半(なか)ば江風(こうふう)に入り半ば雲に入る

[半ば川風に入りこみ半ば雲に入りこむ]

 

此曲祇応天上有

此(こ)の曲は祇(た)だ応(まさ)に天上に有るべし

[この音曲は天上にある音楽のはずだ]

 

人間能得幾回聞

人間(じんかん)に能(よ)く幾回(いくかい)か聞くを得ん

[俗世間では何度も耳にすることはできぬ]

 

 

■注目点

言いたい事に注目。

この詩は音楽を讃えている。大都市成都の街に響き亙る琴の音と笛の音。その音は人間界の音楽ではなく、天上界の音楽であるとし、清々しく妙なる音楽を讃える。

こんな詩を猛将の花卿に贈る意図はどこにある。花卿を励ますのか。讃えるのか。否。
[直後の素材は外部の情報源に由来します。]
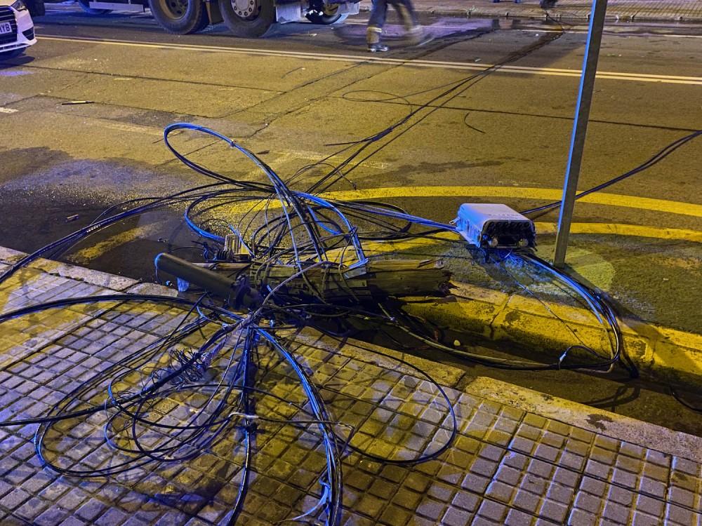 Los hechos se produjeron en torno a las 12:30 de la madrugada. Al parecer, un camión con una grúa en la parte superior, que circulaba por la Gran Avenida, en sentido norte sur, enganchó uno de los cables del tendido telefónico, soportado por varios pilares situados en ambos márgenes de la avenida. Como consecuencia de ello, arrastró el cable que, por la tensión arrancó varios de los postes de madera que lo sujetaban.

この詩は花卿の為に作ったのではなく、できあがったこれを贈ったに過ぎないのか。贈る相手は誰でもよかったのだが、たまたま花卿であったのか。

或いは猛将花卿を天上界の音楽に準え、こんな大人物は人間界で見ることはできない。

この詩を花卿に贈った作者杜甫の意図。よくは分からぬ。